Выбрать главу

Воззрения, выраженные в такого рода изречениях, были установленным элементом языческого культа. Решительно во всех культах крещение во всех его модификациях признавалось началом новой жизни, новым рождением. Посвященный признавался и у митраистов, и в других религиозных системах «возрожденными вечности» через крещение кровью убитого тельца или агнца, а окропление посвященного жертвенной кровью понималось буквально, как омовение от грехов. Вкушение тела и крови бога было обязательным таинством не только в культе Диониса, но и во всех типично теофагических культах древности. Что касается принесенного в жертву «сына единородного», то он является элементом древнесемитского культа, эвгемеризированным остатком которого является рассказ об Аврааме и Исааке.

Когда, мы пытаемся, оставаясь на почве рационалистической критики, хоть на мгновение представить себе такого реального моралиста — проповедника, который произносил речи, типичные для четвертого евангелия, то мы оказываемся пред совершенно непримиримым ни с какой реальностью неправдоподобием проповеди иоаннова Иисуса. «Сын ничего не может творить сам от себя, если не увидит отца творящего, ибо что творит он, то и сын творит также, «ибо отец не судит никого, но весь суд отдал сыну», «я ничего не могу творить от себя сам; как слышу, так и сужу, и суд мой праведен», «я есмь хлеб жизни», «если не поверите, в грехах своих погибнете» — такого рода формулы преподносятся составителем четвертого евангелия, как слова реального проповедника, которые должны были убедить его слушателей.
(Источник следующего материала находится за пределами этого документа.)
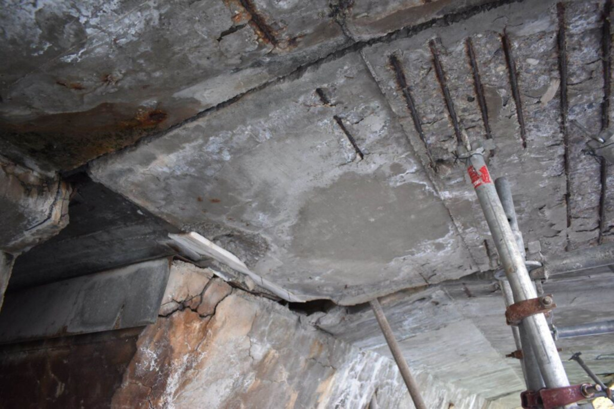 Ομως, όταν ο εργολάβος έπιασε δουλειά σε ένα από τα σημεία της γέφυρας, αποκαλύφθηκε ότι το πρόβλημα ήταν πολύ πιο σημαντικό. Συγκεκριμένα, διαπιστώθηκε ότι στον 6ο πρόβολο, στο ρεύμα από Σέρβια προς Κοζάνη, σε σημείο της ρωγμής, στο πιο αδύνατο σημείο υπήρχε μεγαλύτερο βάθος. Στον καθαρισμό του τσιμέντου για να βρεθεί ένας τένοντας (συρματόσχοινο) διαπιστώθηκε ότι έχει οξειδωθεί κατά 15 πόντους. Συνολικά, δύο από τους τέσσερις εσωτερικούς τένοντες του 6ου προβόλου έχουν σημαντικές φθορές, έχοντας οξειδωθεί σε πολύ μεγάλο ποσοστό, άνω του 50%. Ετσι, το πρόβλημα είναι μεγαλύτερο από το αρχικό, αφού πλέον υπάρχουν δύο τένοντες φθαρμένοι και η εξωτερική τους ενίσχυση απαιτεί επιπλέον παρεμβάσεις, πέρα από την εφαρμογή εξωτερικής προέντασης, που δεν ήταν προβλέψιμες στη μελέτη.

Какой же исторически грамотный исследователь усомнился бы поставить эти формулы в один ряд с мнимыми изречениями какого-нибудь Кришны в Бгаватгите, если бы он нашел эти формулы не в евангелиях, а в памятниках какого-нибудь чужого культа? Такие изречения могли фигурировать в какой-нибудь религиозной мистерии, но реальным человеком они не могли быть произнесены ни в каком случае.

4-е евангелие представляет собой лишь обновленный эллинистический вариант иудейского мифа о мессии, оно включило в себя идею греко-маздейского Логоса, приписало своему богу чудеса Диониса и наделило его эпитетами чужих спасителей. Подобно Митре, Иоаннов Иисус является «светом мира», подобно Дионису — «виноградной лозой». Четвертое евангелие подкрепило колебавшееся учение о бессмертии притчей о Лазаре, и приписало Иисусу установление таинства вкушения плоти и крови спасителя, таинства, которое было присуще по крайней мере половине тогдашних культов. Является ли 4-е евангелие гностическим или нет, но оно во всяком случае — продукт того мифообразовательного процесса, который носит общее название гностицизма. Очень мало измениться наш вывод от того, что мы будем датировать 4-е евангелие тем или иным годом.

Мы ведь в конце концов убедились, что природа евангельских рассказов отнюдь не может быть объяснена приурочиванием появления этих евангелий к тому или иному периоду. Пусть евангелия так древни, как это утверждают ортодоксы, пусть они гораздо моложе, как думают скептические ученые, но и в том и в другом случае они остаются сборниками исторических и доктринальных мифов, которые после научного анализа не оставляют никакого следа реального проповедника Иисуса. Остается все тот же немой, загадочный, распятый мессия паулинистической проповеди, который может быть пока лишь чисто теоретически отождествлен с древним и смутным образом талмудического Иисуса бен-Пандира, который, может быть, действительно, погиб из-за какой-нибудь забытой ереси лет за 100 «до Христа».